### Assignment
Type out the lines below exactly, from the first through the line holding "Carry papers around", and include no pictures.
Collected data START
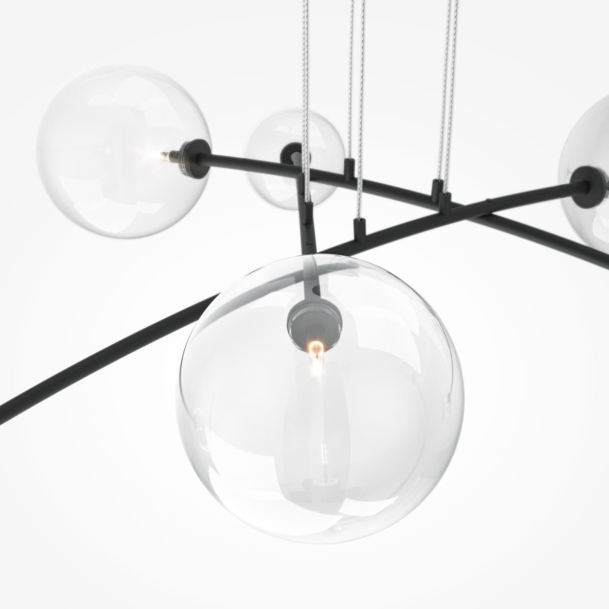 Материал арматуры - металл. Цвет - латунь, черный. Изящные линии арматуры, прозрачные плафоны из стекла в виде шара с миниатюрными лампами создают эффект воздушности светильников. Регулируемая высота подвесных светильников. Цоколь G4.
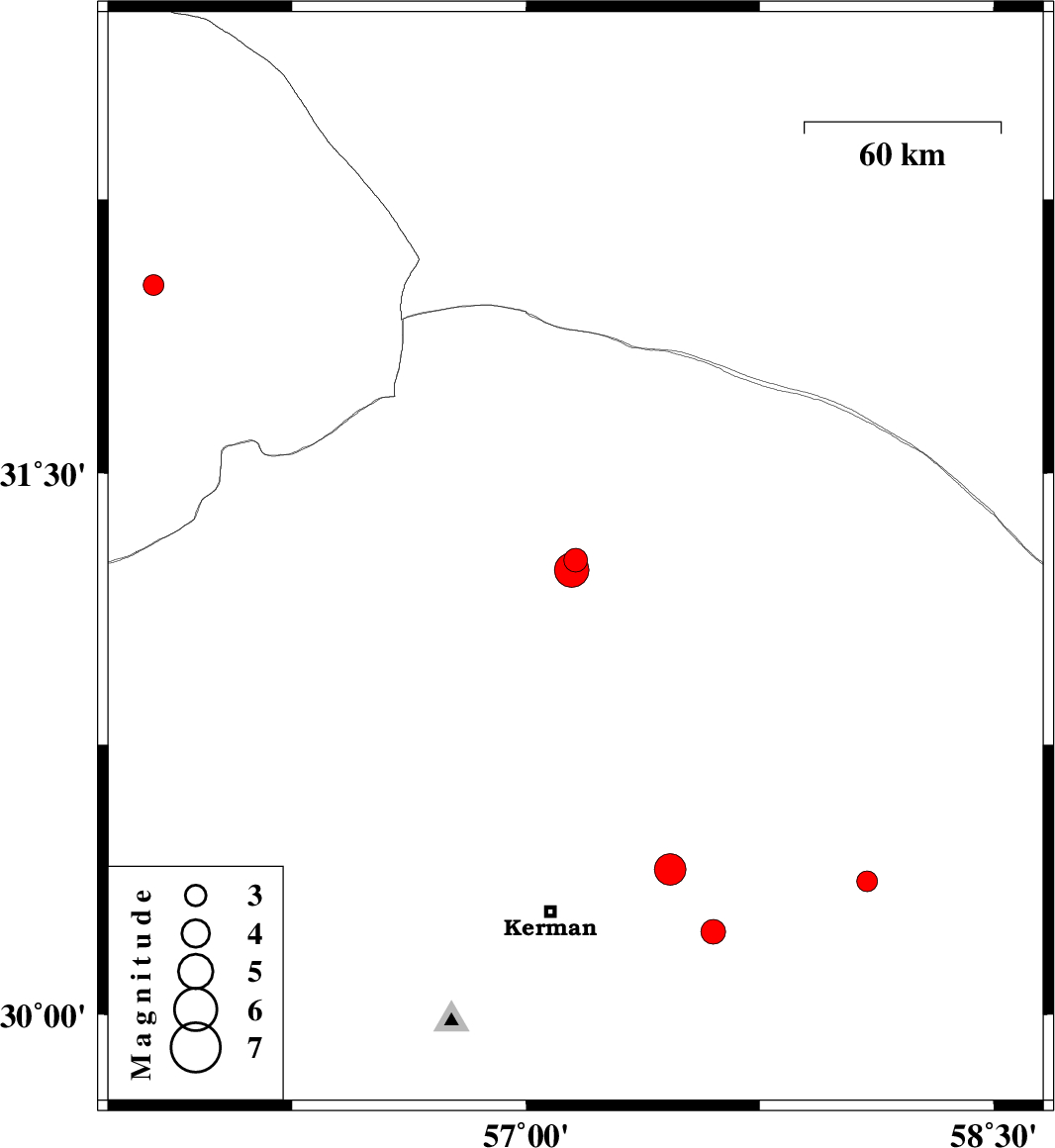 | 2024/05/30 | 01:07:45.4 | 04:37:45.4 | 31.233 | 57.146 | 16 | ML:4.9 | Kerman Province, 32 km -East of Ravar | ||
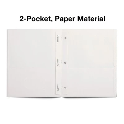 Carry papers around with you using this 25-pack of Staples school-grade white two pocket folders with fasteners. Stay on top of important assignments with these Staples two pocket folders. Each one is made from economy-weight white paper and offers two storage pockets, each with a 25-sheet capacity, letting you easily carry a variety of items as well as a business card. These Staples two pocket folders include fasteners, making them ideal for keeping track of important documents and forms. School folders are made from economy white paper stock. Features two pockets to store papers, brochures, and more. Holds standard letter-size paper. 25 folders per box is enough for almost any project. A business card holder adds an extra professional touch to each folder. 135-sheet capacity allows for convenient organization of loose papers. School-grade folder is great for meetings as well as classrooms. Sold as 25/Box.
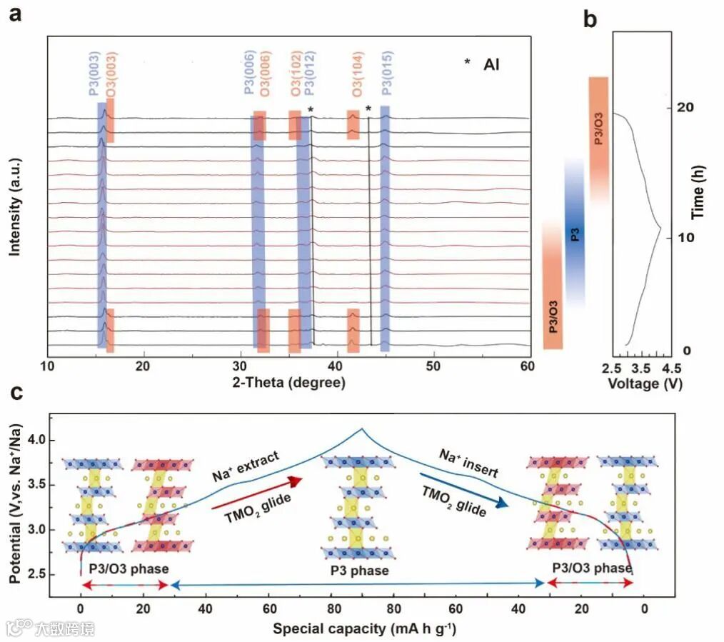 图1. 不同充放电状态下的P3/O3-NNMT结构演变。(a)在2.5~4.15 V 之间0.1C条件下充放电过程的XRD谱图,(b)循环过程中晶体结构演化图,(c)不同充放电状态下对应的晶体结构演变示意图。
Collected data END
### Exercise response
 Материал арматуры - металл. Цвет - латунь, черный. Изящные линии арматуры, прозрачные плафоны из стекла в виде шара с миниатюрными лампами создают эффект воздушности светильников. Регулируемая высота подвесных светильников. Цоколь G4.
 | 2024/05/30 | 01:07:45.4 | 04:37:45.4 | 31.233 | 57.146 | 16 | ML:4.9 | Kerman Province, 32 km -East of Ravar | ||
 Carry papers around with you using this 25-pack of Staples school-grade white two pocket folders with fasteners. Stay on top of important assignments with these Staples two pocket folders. Each one is made from economy-weight white paper and offers two storage pockets, each with a 25-sheet capacity, letting you easily carry a variety of items as well as a business card. These Staples two pocket folders include fasteners, making them ideal for keeping track of important documents and forms. School folders are made from economy white paper stock. Features two pockets to store papers, brochures, and more. Holds standard letter-size paper. 25 folders per box is enough for almost any project. A business card holder adds an extra professional touch to each folder. 135-sheet capacity allows for convenient organization of loose papers. School-grade folder is great for meetings as well as classrooms. Sold as 25/Box.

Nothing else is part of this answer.